### [About this exercise]
Drop every picture, then transcribe the remaining data exactly.

### [Material provided]
※

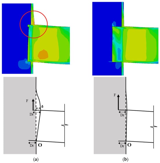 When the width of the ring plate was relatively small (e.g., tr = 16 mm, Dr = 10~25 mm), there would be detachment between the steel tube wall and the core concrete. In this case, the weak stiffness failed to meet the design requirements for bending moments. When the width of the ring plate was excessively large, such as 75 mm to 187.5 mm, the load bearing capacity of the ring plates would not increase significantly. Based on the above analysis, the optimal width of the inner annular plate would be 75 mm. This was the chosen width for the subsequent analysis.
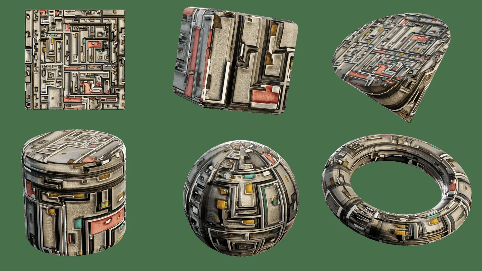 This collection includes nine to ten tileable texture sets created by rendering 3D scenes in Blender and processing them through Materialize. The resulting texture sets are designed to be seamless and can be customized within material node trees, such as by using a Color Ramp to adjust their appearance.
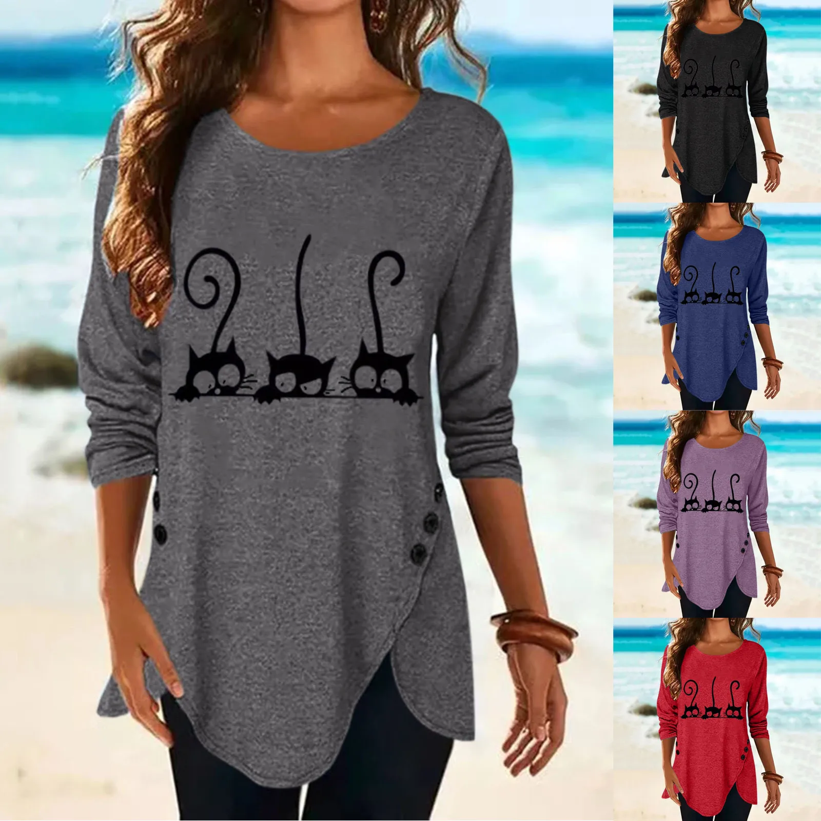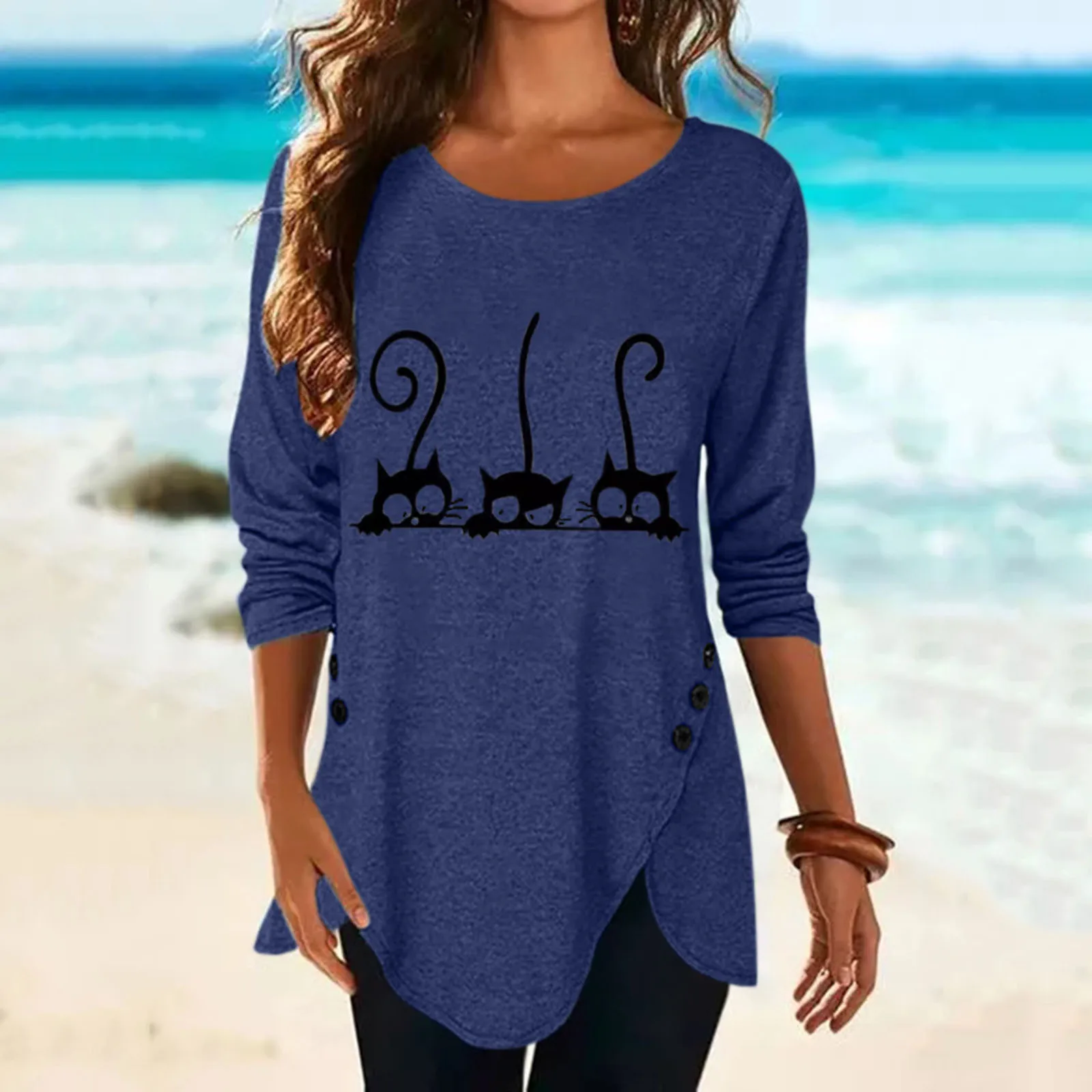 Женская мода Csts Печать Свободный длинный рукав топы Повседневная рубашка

※

### [Written solution]
 When the width of the ring plate was relatively small (e.g., tr = 16 mm, Dr = 10~25 mm), there would be detachment between the steel tube wall and the core concrete. In this case, the weak stiffness failed to meet the design requirements for bending moments. When the width of the ring plate was excessively large, such as 75 mm to 187.5 mm, the load bearing capacity of the ring plates would not increase significantly. Based on the above analysis, the optimal width of the inner annular plate would be 75 mm. This was the chosen width for the subsequent analysis.
 This collection includes nine to ten tileable texture sets created by rendering 3D scenes in Blender and processing them through Materialize. The resulting texture sets are designed to be seamless and can be customized within material node trees, such as by using a Color Ramp to adjust their appearance.
 Женская мода Csts Печать Свободный длинный рукав топы Повседневная рубашка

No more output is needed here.